Mind reading: Do brain scans foretell your baby's social skills?
MedicalXpress Breaking News-and-Events Feb 08, 2025
"A really big question that, at least I ask myself, is, 'How do we become who we are?'" University of Virginia psychology graduate student Olivia Allison said. New work she is conducting in UVA's Baby Lab is aiming to find an answer to that question.
It is homing in on recently published findings that found engagement in a part of babies' brains when viewing smiling or happy faces predicted more social behavior in toddlerhood.
Last year, Allison, along with Baby Lab director Tobias Grossman, analysed data previously collected at the Max Planck Institute for Human and Cognitive and Brain Sciences in Germany. The data included scans of a forward portion of the brain called the dorso-medial prefrontal cortex and questions posed to parents.
"They brought mothers and their infants into a lab space, and then they put a functional near-infrared spectroscopy cap on the baby's head," said Allison, a graduate student who analysed the data. "It's a noninvasive brain imaging method that uses light to measure brain activity."
The babies, aged 11 months, were shown human faces on a computer screen. Some were smiling and looking directly at the babies. Others were smiling, with averted eyes. Still, others were frowning and either looking at the babies or gazing away from them. The caps measure how much-oxygenated blood is in that region of the brain, which helps show what parts of the brain are functioning when the baby is watching certain things.

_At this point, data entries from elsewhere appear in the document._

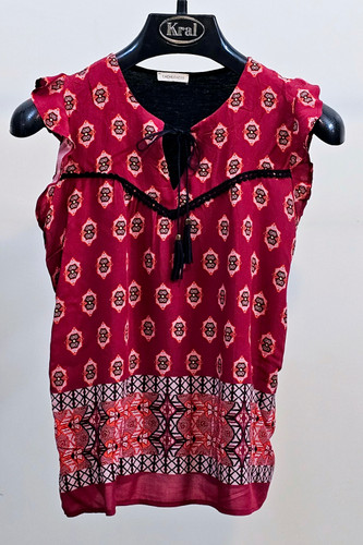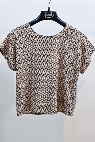 بلوز زنانه سوزمه ایی آستین کوتاه و یقه گرد استوک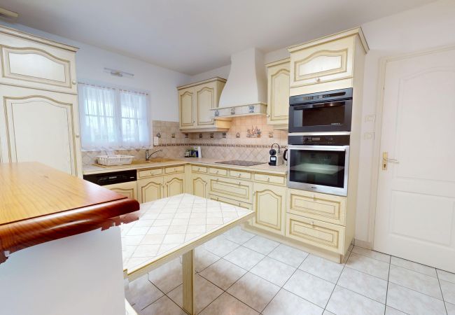 - 🍽️ Cuisine ouverte entièrement équipée : four, micro-ondes, plaques de cuisson, lave-vaisselle, réfrigérateur, cafetière… tout le nécessaire pour vos repas en toute liberté.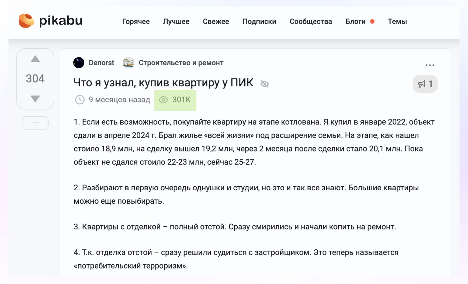 В недвижимости критически важно следить за тем, какой фон формируется вокруг компании и конкретного объекта. Причем речь идет не только об отзовиках и Яндекс Картах. Существенную роль играют форумы и обсуждения, которые формально могут не относиться к недвижимости напрямую. Это может быть например pikabu, woman.ru, дзен или любые другие площадки, где пользователи обсуждают застройщиков, районы и конкретные жилые комплексы.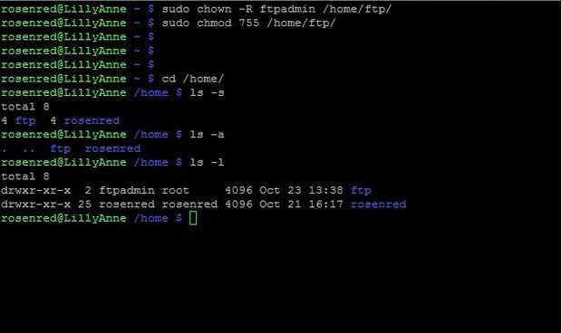 El resultado de estos dos mandamientos es que el dueño del directorio (ftpadmin) tendrá acceso completo al directorio y los archivos dentro y el resto del mundo sólo acceso de lectura. Hacer un ls -l y deberías ver algo como el tercer cuadro (que también me olvido el interruptor adecuado para el comando ls muestra: P)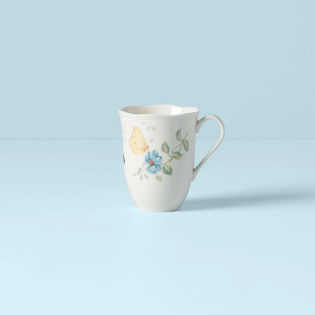 A dragonfly flutters above a welcoming flower on the charming Butterfly Meadow Dragonfly Mug. This durable white ceramic porcelain mug features a scalloped rim, and is microwave and dishwasher-safe. Mix and match the mug with other Butterfly Meadow mugs, saucers, and dinnerware.

Allison said researchers later posed a series of questions to the parents when their children were 18 months old. Those included how often the toddlers interacted at large family gatherings and how much they enjoyed playing with different people.
The analysis, published in the journal Imaging Neuroscience, found a direct correlation between brain activity and ensuing social behaviour.
Today, Allison is in the Baby Lab looking at a neighbouring part of babies' brains with an even younger group of infants.
In late January, 3-month-old Heather, pink-cheeked, cooing and squealing away, arrived with her mother at the lab space in Gilmer Hall to participate in the new study.
After a soothing bottle session, Heather perched on a tabletop held by her mother, Megan Gilmer. They sat in front of a computer screen, watching video clips of moving faces, body parts like feet and legs and scenes.
"We hypothesise that the medial prefrontal cortex is going to have greater responses to the faces than objects, bodies and scenes," Allison explained. "We're doing this study with babies two months to 12 months old. That allows us to see how the social function of the medial prefrontal cortex changes over time across the first year of life.